Türkiye’nin bugünkü dış ticareti konusunda bilgiler veren Erdal, “Türkiye, dış ticarette bugün daha çok Orta Doğu ve Yakın Doğu’ya yöneldi. Özellikle Avrupa ülkeleriyle yapılan ithalat da şu an Orta Doğu’ya yöneldi. Bunun önemli sebeplerinden biri de Çin’dir. 2014 verilerine göre en çok ithalat yaptığımız ülkeler: Rusya, Çin, Almanya’dır. Şu an en çok ithalat yaptığımız ülkelerden olan Rusya ile sorunlar yaşıyoruz. ‘Kışın yakıt bulabilecek miyiz’ endişesine kapılıyoruz ancak Türkiye’nin B planları var; ECO, D-8 gibi ek anlaşmaları da var” diye konuştu.
Ekonominin içinde bulunduğu orta gelir tuzağına da değinen Prof.
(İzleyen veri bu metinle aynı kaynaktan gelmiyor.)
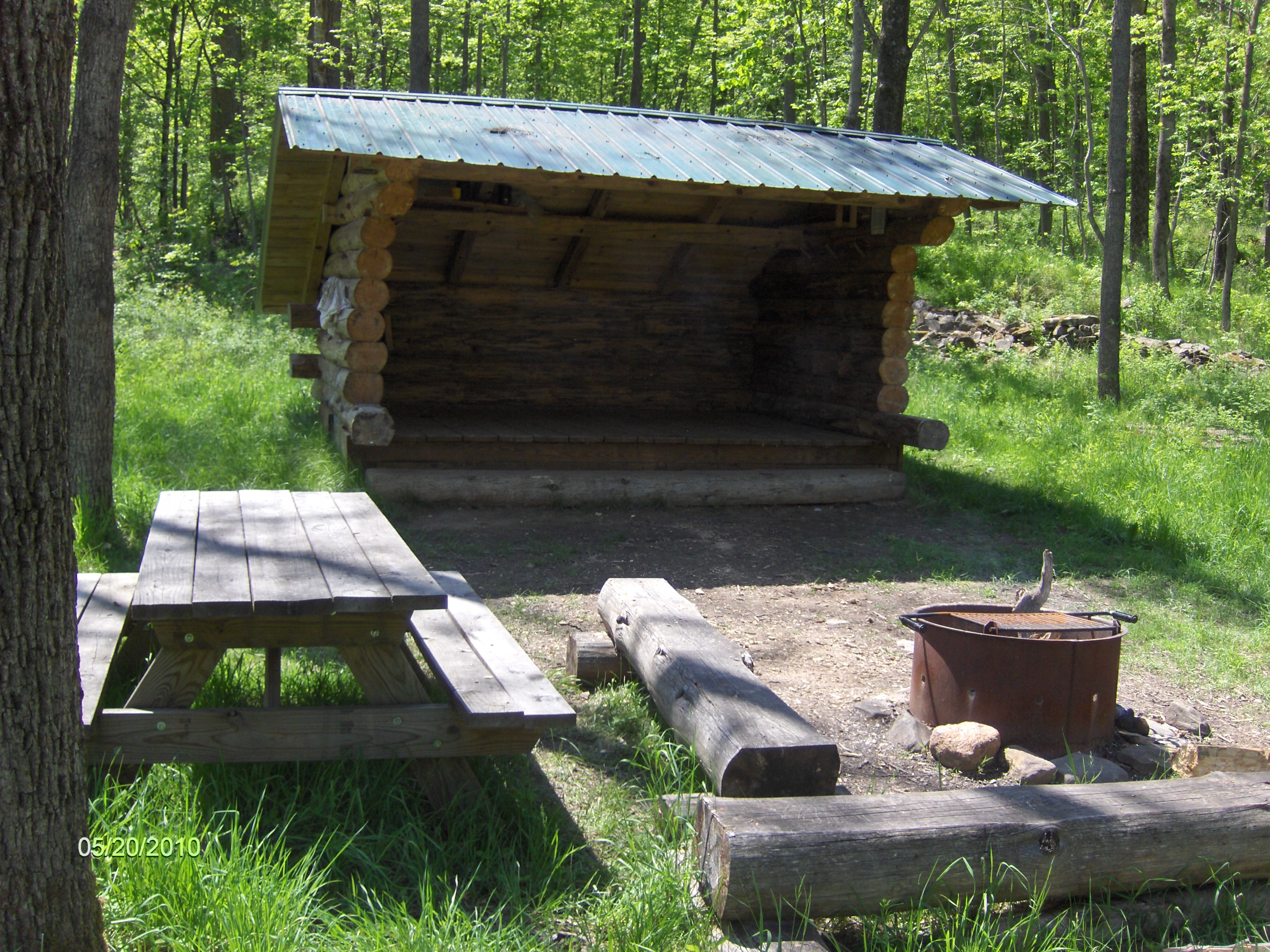 Soon the trail veers off the old road and reenters the state forest. The trail passes through a real nice section of forest before beginning its descent toward Buck Settlement Lean To. As you descend there will be an old stone wall along the trail on your right. Soon you'll see the lean to in the distance as the trail begins to level off. A signed side trail on your right takes you to the lean to, reaching it at 0.7 miles.

Dr. Fuat Erdal, doğru bir sanayi vizyonuyla bu sürecin aşılabileceğini dile getirdi. Bu doğrultuda sanayi vizyonu çerçevesini ortaya koyan Erdal, orta ve yüksek teknolojili sanayilere yönelik mal ve hizmet üretiminin öncelenmesi gerektiğini ifade etti. Erdal, stratejik hedef olarak güçlü ve yenilikçi firmaların oluşturulmasının, orta ve yüksek teknolojili sektörlerin ekonomideki payının yükseltilmesinin ve geleneksel sanayilerin yüksek katma değer üreten bir yapıya dönüştürülmesinin önemini de vurguladı. Reformların bütün ülkeyi kapsayacak düzeyde olması gerektiğine işaret eden Erdal, 2023 hedeflerine ulaşmada yüksek bilgi teknolojili mallar üretmek, ARGE harcamalarını artırmak, sanayileşme politikası vizyonu oluşturmak, eğitim reformu gerçekleştirmek, hukuk reformu gerçekleştirmek gibi reform önerilerinde de bulundu. Türkiye ekonomisinin artık geri dönülemeyecek kadar yol kat ettiğini ifade eden Erdal, Türkiye’nin daima ileri gitmesi gerektiğini ve bunun tüm kaynaklarını verimli kullanarak gerçekleştirebileceğini sözlerine ekledi.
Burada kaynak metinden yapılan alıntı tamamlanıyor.